Haunted, or Just History?

Here’s a timely post by ace AiP Intern Susie Trexler

Autumn leaves, by Susie Trexler

Autumn color in Walla Walla, Washington Photo by Susie Trexler

We have finally stepped into October: autumn foliage is in full bloom across the hillsides, pumpkins decorate doorsteps and fill produce aisles, apples are sold in heavy bags, and Halloween is just around the corner. Leaves crunch underfoot and the old mansion at the end of the street has a larger presence in the crisp, fall air… Perhaps because it is no longer hiding behind trees thick with green summer leaves, or perhaps because Halloween is a time for imaginations to run wild.

When I first began investigating haunted mansions and ghost tours, I had drawn a distinct line between paranormal stories and actual history as though ghost stories were an elaborate (and eerie) side-story.
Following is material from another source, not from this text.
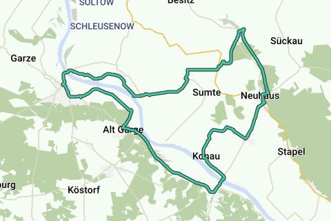 Dopo il traghetto sull'altro lato dell'Elba, le specie di uccelli possono essere scoperte dal vivo nel paesaggio. Nelle vicinanze della Storkenkate di Preten e nelle vicine Sudewiesen vivono i Koniks (cavalli) e i bovini Heck in armonia uno accanto all'altro. Proseguendo verso Neuhaus. Nella vicina Pforthaus vengono concessi sguardi sulla storia recente. Da lì si pedala verso Konau. Qui si trovano l'info turistica e l'Archezentrum Amt Neuhuas con molte informazioni sulle razze di animali da allevamento antiche. Konau-Popelau è un villaggio marsch con molte tracce del passato di confine tedesco-tedesco. Lungo l'Elba si va verso Darchau, da dove il traghetto Elba vi porta a Neu Darchau oltre l'Elba. Dall'altra parte dell'Elba, nel vecchio centro del villaggio di Walmsburg, si riconosce ancora il centro storico protetto del villaggio a forma rotonda. Poco prima di Alt Garge, l'acqua della piscina nel bosco invita a una sosta. Nel centro del villaggio, una stazione di draisine invita a un breve giro. Da lì si torna a Bleckede.

As I wove my way through websites, imagining lantern-lit tours of the Hermitage, home of President Andrew Jackson, and  dark strolls down the boardwalks in the Victorian Virginia City, Nevada, I realized supernatural stories are not the sole – or even the main – source of intrigue about these places. By letting our imaginations run wild – at Halloween and any time – we are connecting with the past.

Photo by Susie Trexler

Eerie opening, or a trick of light? Photo by Susie Trexler

NBC’s Syfy channel has named – by popular vote – the top three “most haunted” cities in America: Charleston, South Carolina; Savannah, Georgia; and Virginia City, Nevada. Sure, we may relish the thrill of a ghost story (and ghost stories are aplenty), but these cities have something else in common: they are all witness to vivid and important scenes in American history. They are witness to previous eras and societies.

There is something about people that extends across time and place: people like people-stories and gossip. People like things they can connect to, touch, and imagine. By some ironic twist, ghost stories bring history to light.

Are we preserving the ghosts, or are the ghosts preserving the history, themselves?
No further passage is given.